### Problem to solve
The answer should be a faithful retyping of the records that follow, pictures excluded.
━━━ Extracted data
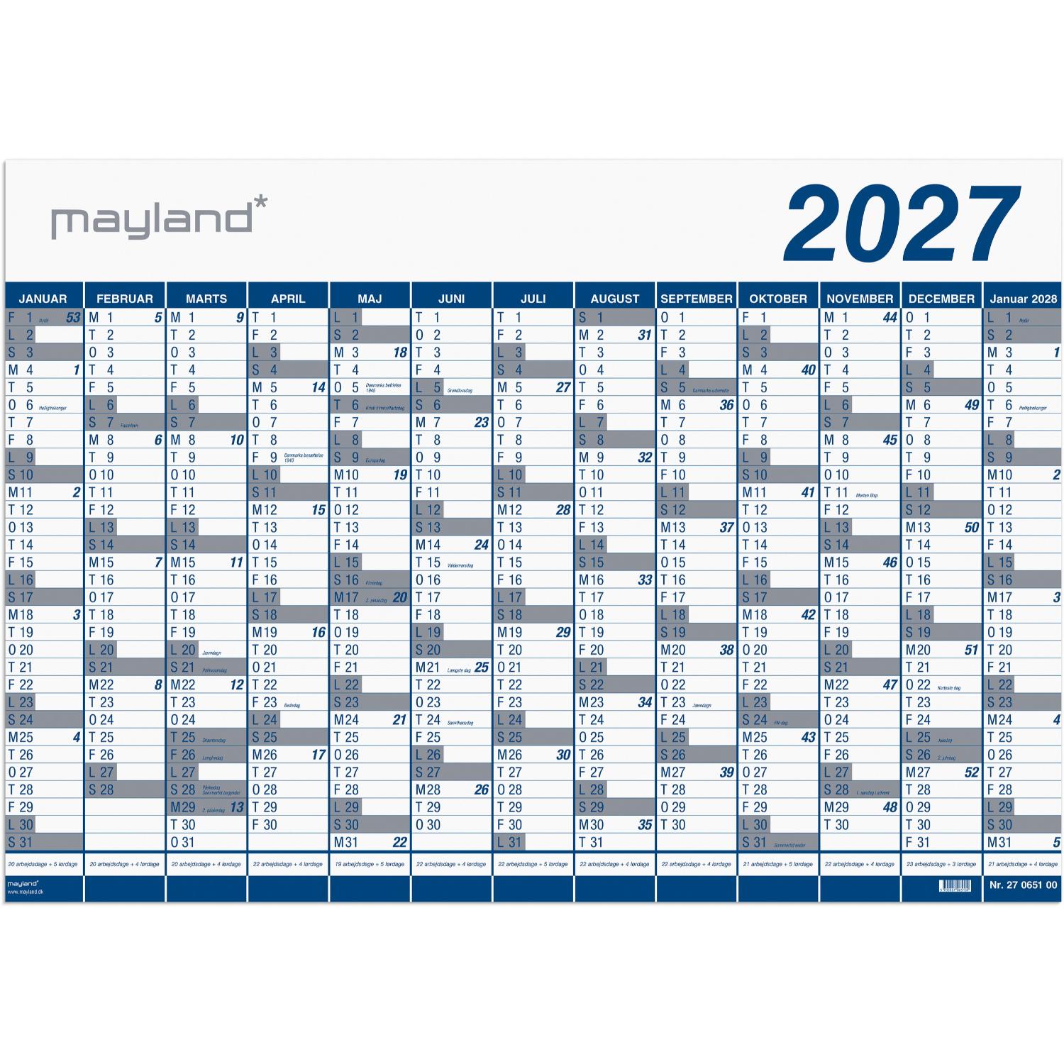 Mål: 740 x 72 x 72 mm. Layout: Dag/side. Højformat. Kalendarium: 2027-01-01 – 2028-01-31. Sideantal: 2. Varemærke: Mayland.
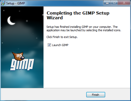Concluye la instalación. Queda marcada la opción Launch GIMP. Si haces clic en Finish concluye el proceso de instalación y se pone en marcha GIMP. Si dejas sin marcar la opción Launch GIMP concluirá el proceso de instalación y para poner en marcha GIMP debe ir a Inicio --> Todos los programas --> Gimp --> Gimp 2.
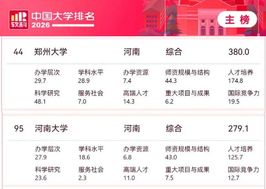 “2026软科中国大学排名”日前正式发布。清华大学、北京大学雄踞主榜(即综合性大学排名)前两位。河南两所高校进入排行榜前100,其中,郑州大学排名44、河南大学排名95。
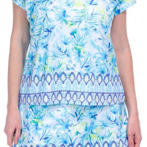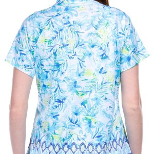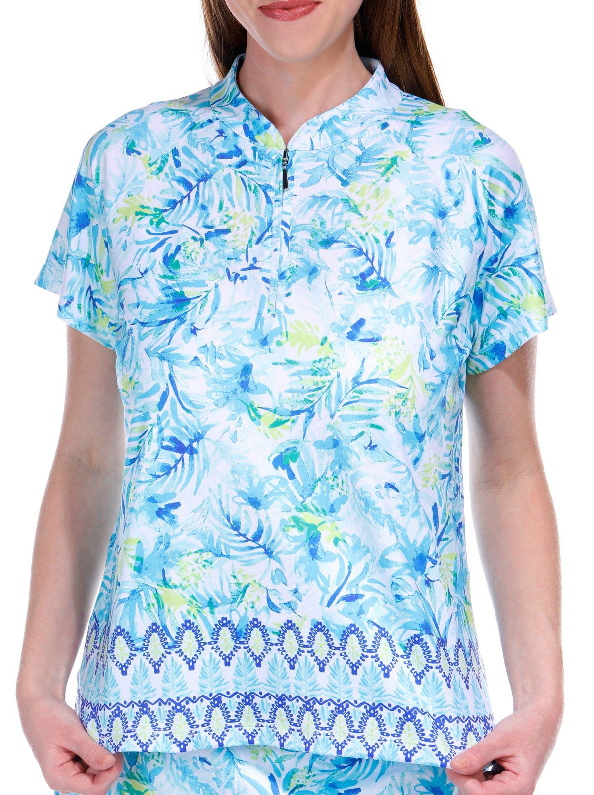 The Women’s Print 1/4 Zip Short Sleeve Top features a stylish golf border print, perfect for a day on the course. Made from lightweight, breathable fabric, it offers comfort and flexibility with a 1/4 zip design for adjustable ventilation. The short sleeves provide freedom of movement, making this top both functional and fashionable for golf or casual wear. The fabrication is 92% polyester and 8% spandex.
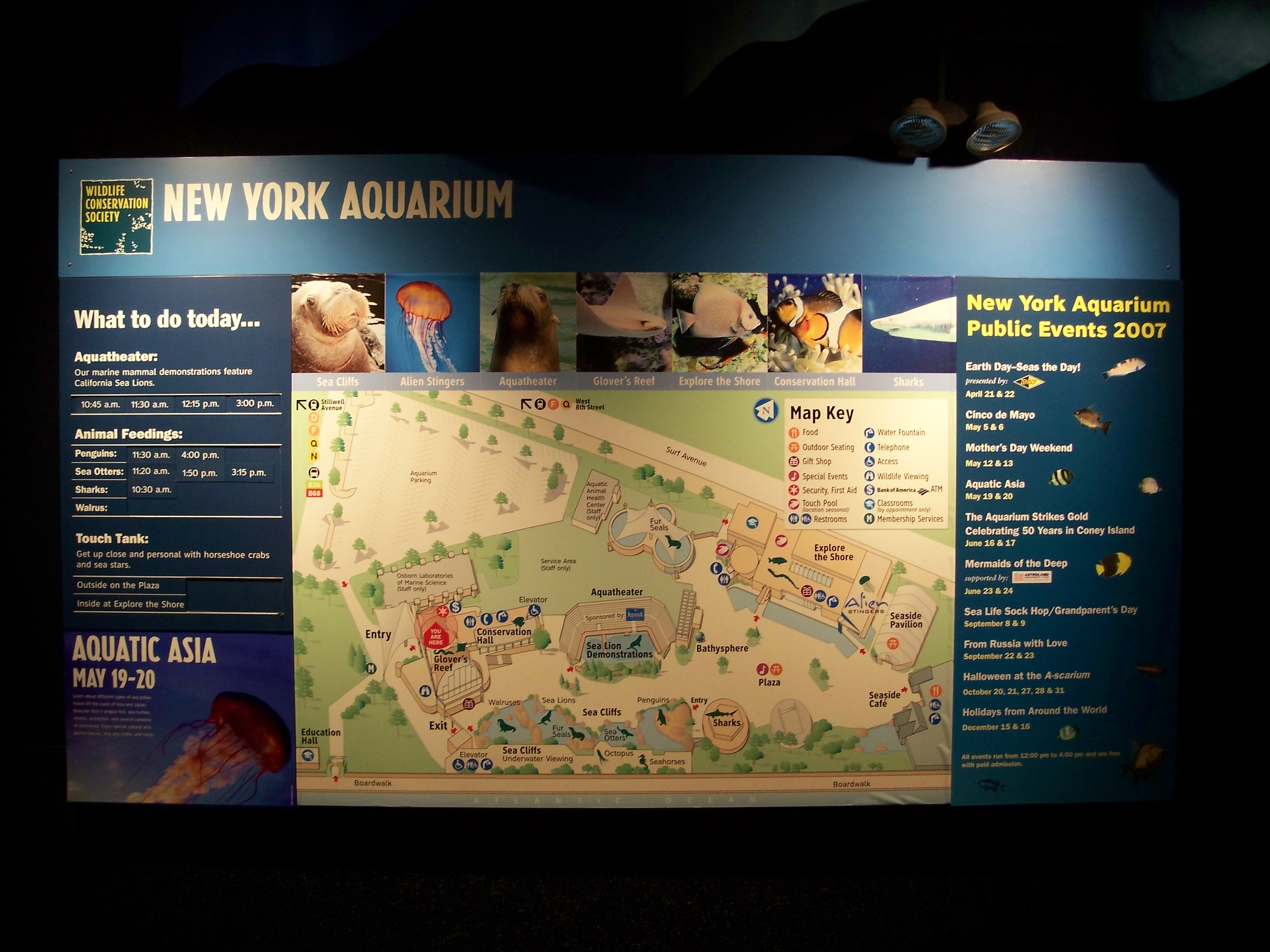 It's not an overwhelmingly large facility and can be pleasantly traversed in an afternoon. The Aquarium sits on 14 acres by the sea and is home to over 350 species of aquatic wildlife and over 8,000 specimens. It was adopted by the New York Zoological Society in 1902, an organization now known as the Wildlife Conservation Society that also runs the zoos in the Bronx, Central Park, Queens and Prospect Park.
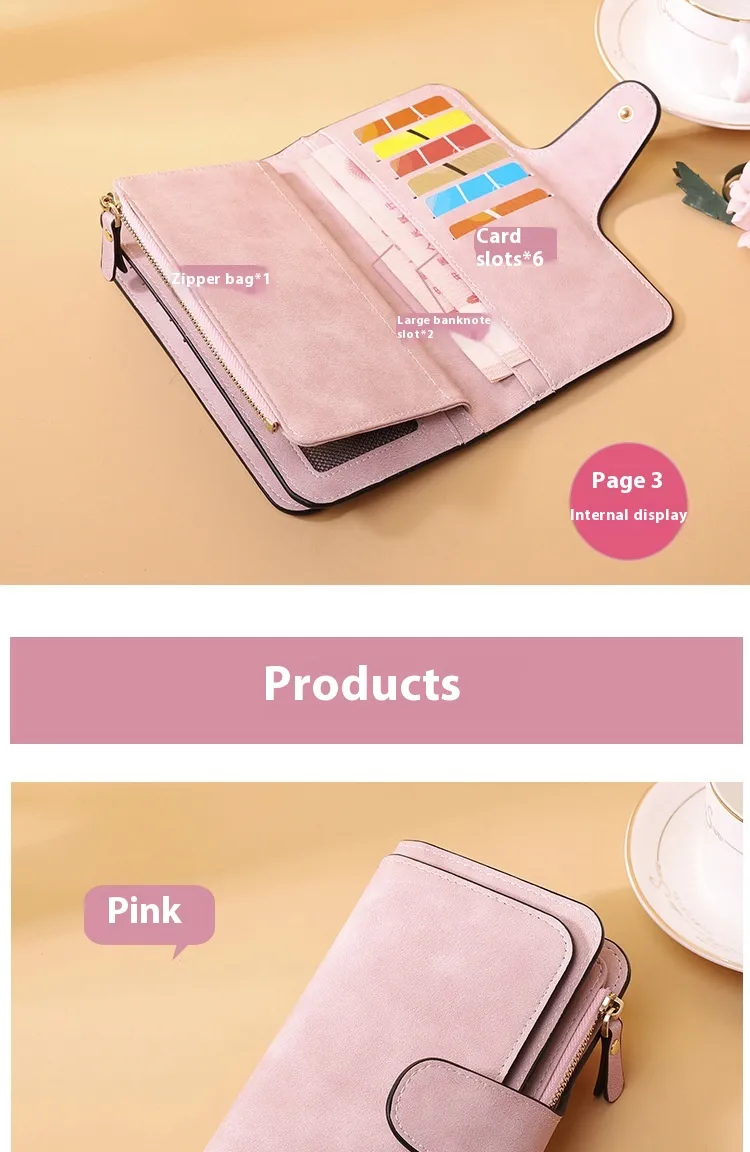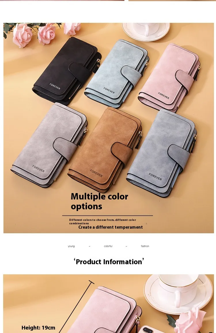 In conclusion, the New Buckle Women's Long Wallet Three Fold Fashion Women's Bag Multi-card Women's Purse Frosted Two-tone Fabric is a must-have accessory for the modern woman. With its stylish buckle closure, durable frosted two-tone fabric, and spacious interior, it combines elegance and practicality to keep all your essentials organized. This wallet is the perfect choice for any woman who appreciates style, functionality, and lasting quality.
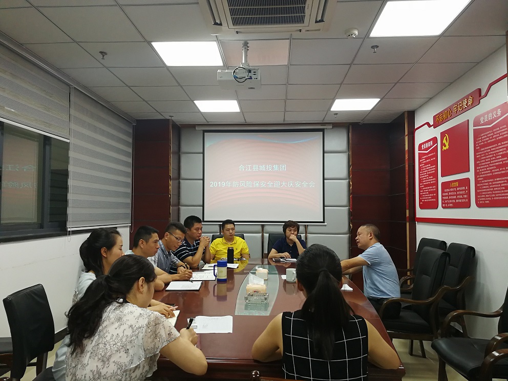 2019年9月12日上午,合江縣城市開發(fā)投資(集團(tuán))有限公司總經(jīng)理張學(xué)彬召集各部門、各子公司召開2019年“防風(fēng)險(xiǎn)保安全迎大慶”暨節(jié)前安全生產(chǎn)工作會(huì)議,傳達(dá)貫徹各級(jí)安全生產(chǎn)會(huì)議、文件精神,落實(shí)中秋、國(guó)慶節(jié)前安全生產(chǎn)大檢查、節(jié)假日期間值班值守等工作。
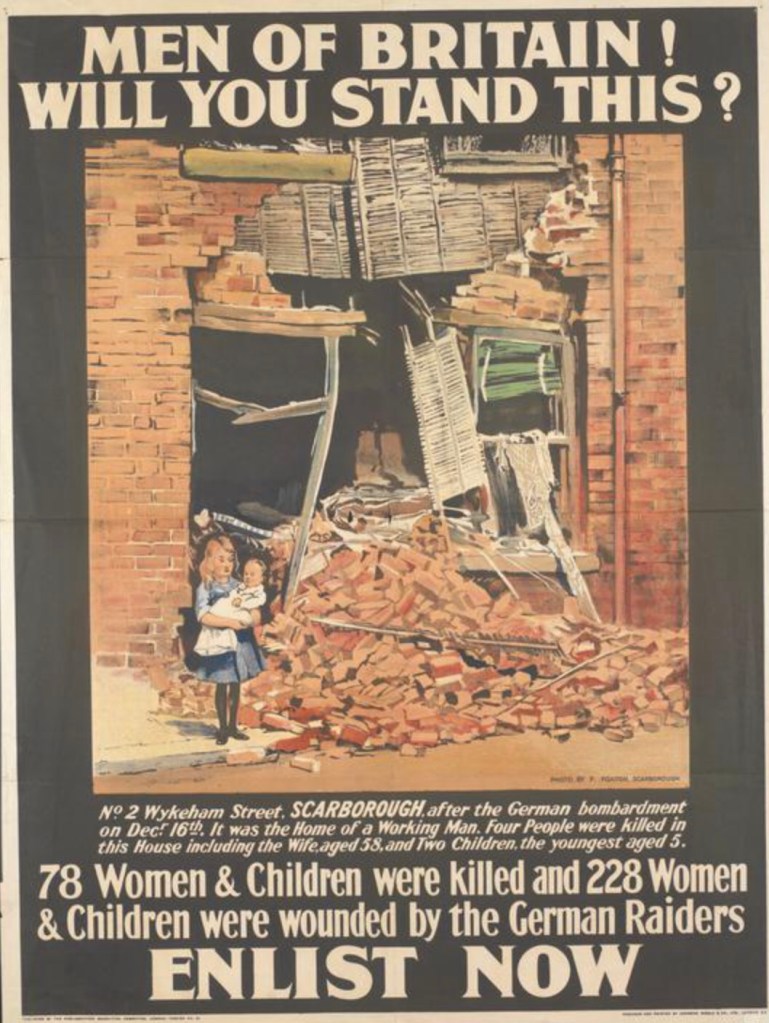 Men of England, the innocent victims of German brutality call upon you to avenge them. Show the German barbarians that Britain’s shores cannot be bombarded with impunity. Duty calls you now.
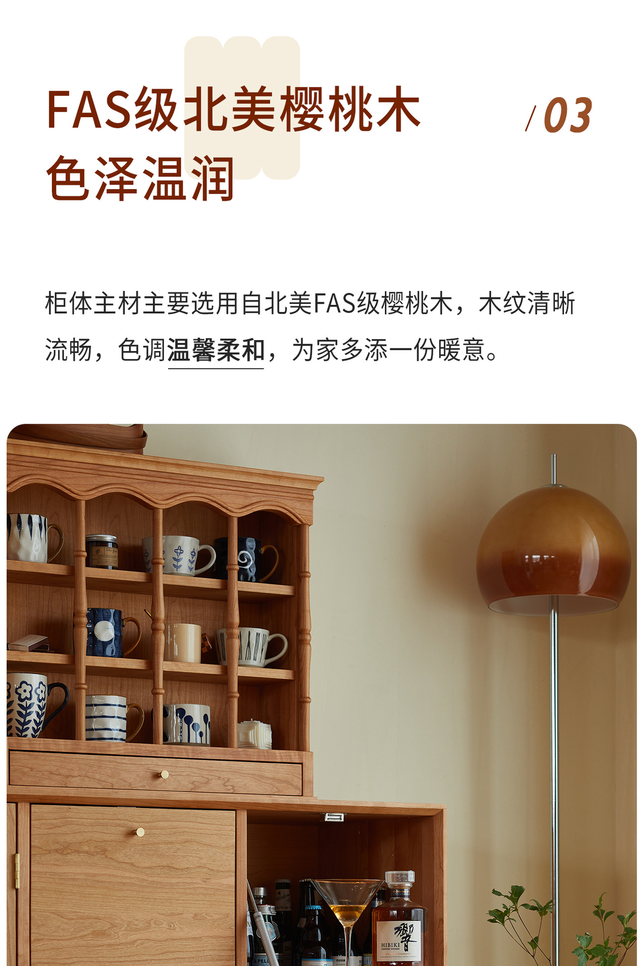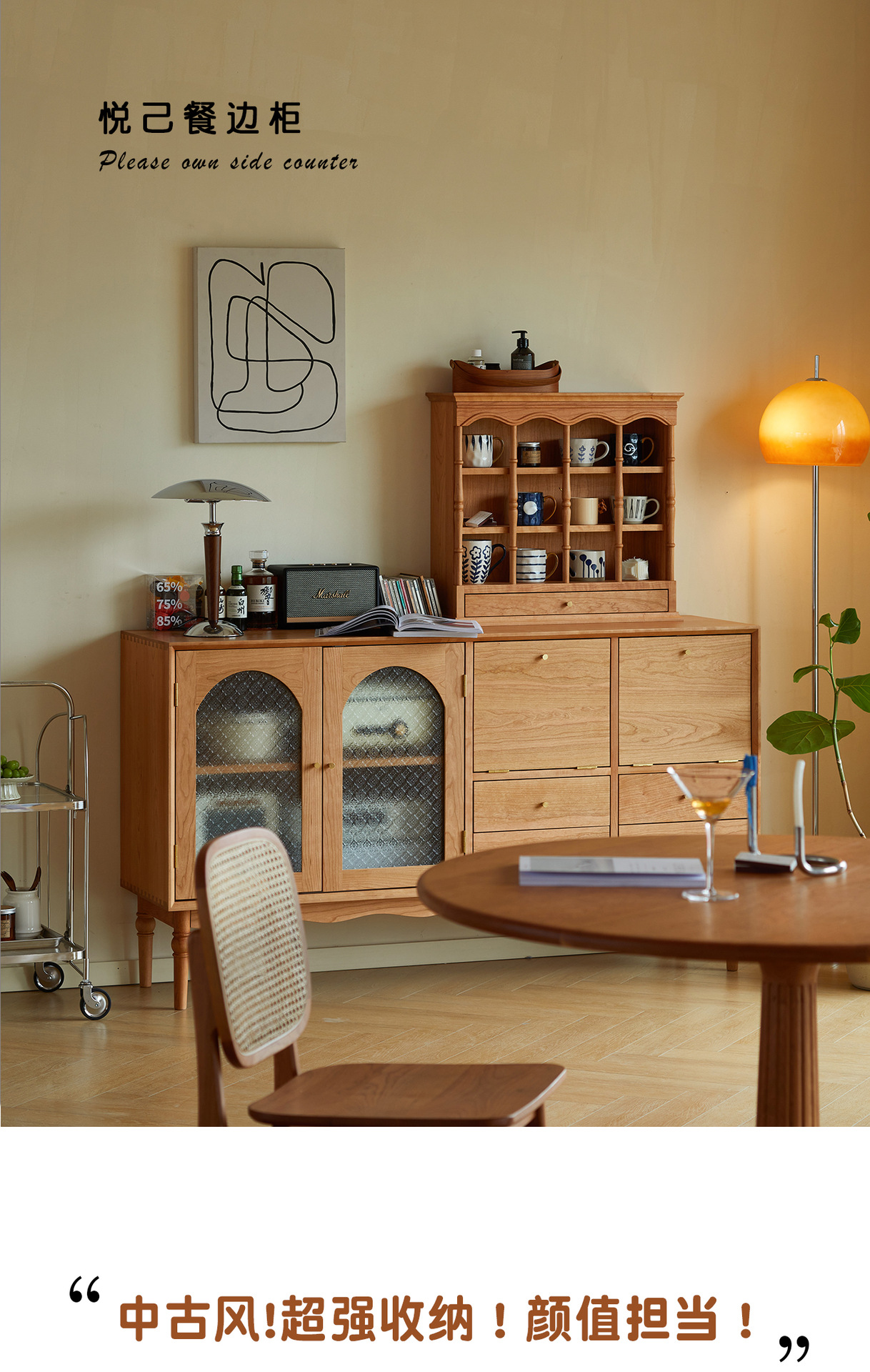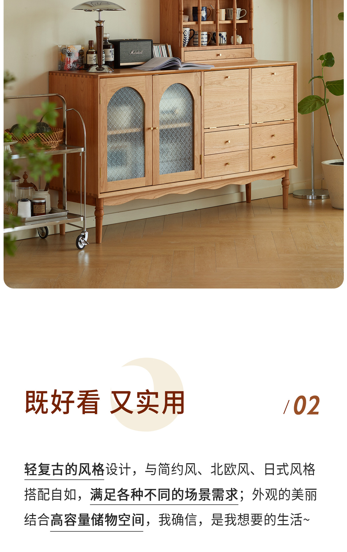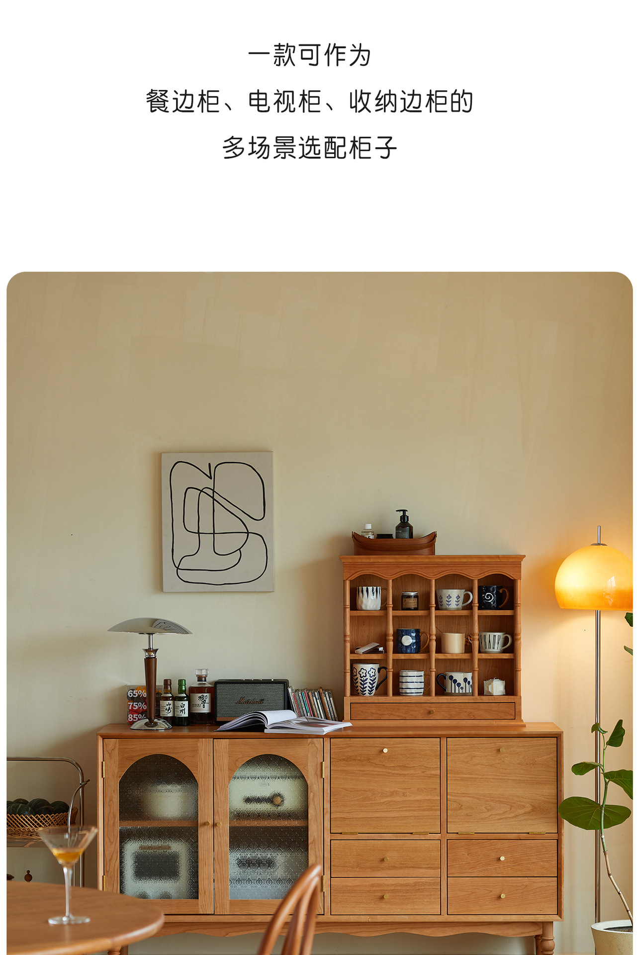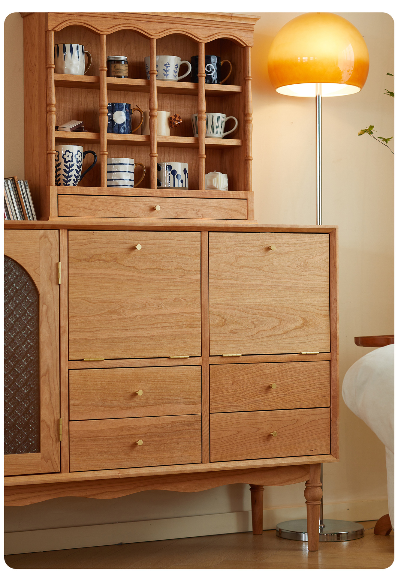Kabinet papan samping Nordik kayu padat modern minimalis gaya Jepang kayu ceri antik ruang tamu lemari anggur kabinet penyimpanan dapur loker
━━━━━━
### Output of the task
 Mål: 740 x 72 x 72 mm. Layout: Dag/side. Højformat. Kalendarium: 2027-01-01 – 2028-01-31. Sideantal: 2. Varemærke: Mayland.
Concluye la instalación. Queda marcada la opción Launch GIMP. Si haces clic en Finish concluye el proceso de instalación y se pone en marcha GIMP. Si dejas sin marcar la opción Launch GIMP concluirá el proceso de instalación y para poner en marcha GIMP debe ir a Inicio --> Todos los programas --> Gimp --> Gimp 2.
 “2026软科中国大学排名”日前正式发布。清华大学、北京大学雄踞主榜(即综合性大学排名)前两位。河南两所高校进入排行榜前100,其中,郑州大学排名44、河南大学排名95。
 The Women’s Print 1/4 Zip Short Sleeve Top features a stylish golf border print, perfect for a day on the course. Made from lightweight, breathable fabric, it offers comfort and flexibility with a 1/4 zip design for adjustable ventilation. The short sleeves provide freedom of movement, making this top both functional and fashionable for golf or casual wear. The fabrication is 92% polyester and 8% spandex.
 It's not an overwhelmingly large facility and can be pleasantly traversed in an afternoon. The Aquarium sits on 14 acres by the sea and is home to over 350 species of aquatic wildlife and over 8,000 specimens. It was adopted by the New York Zoological Society in 1902, an organization now known as the Wildlife Conservation Society that also runs the zoos in the Bronx, Central Park, Queens and Prospect Park.
 In conclusion, the New Buckle Women's Long Wallet Three Fold Fashion Women's Bag Multi-card Women's Purse Frosted Two-tone Fabric is a must-have accessory for the modern woman. With its stylish buckle closure, durable frosted two-tone fabric, and spacious interior, it combines elegance and practicality to keep all your essentials organized. This wallet is the perfect choice for any woman who appreciates style, functionality, and lasting quality.
 2019年9月12日上午,合江縣城市開發(fā)投資(集團(tuán))有限公司總經(jīng)理張學(xué)彬召集各部門、各子公司召開2019年“防風(fēng)險(xiǎn)保安全迎大慶”暨節(jié)前安全生產(chǎn)工作會(huì)議,傳達(dá)貫徹各級(jí)安全生產(chǎn)會(huì)議、文件精神,落實(shí)中秋、國(guó)慶節(jié)前安全生產(chǎn)大檢查、節(jié)假日期間值班值守等工作。
 Men of England, the innocent victims of German brutality call upon you to avenge them. Show the German barbarians that Britain’s shores cannot be bombarded with impunity. Duty calls you now.
Kabinet papan samping Nordik kayu padat modern minimalis gaya Jepang kayu ceri antik ruang tamu lemari anggur kabinet penyimpanan dapur loker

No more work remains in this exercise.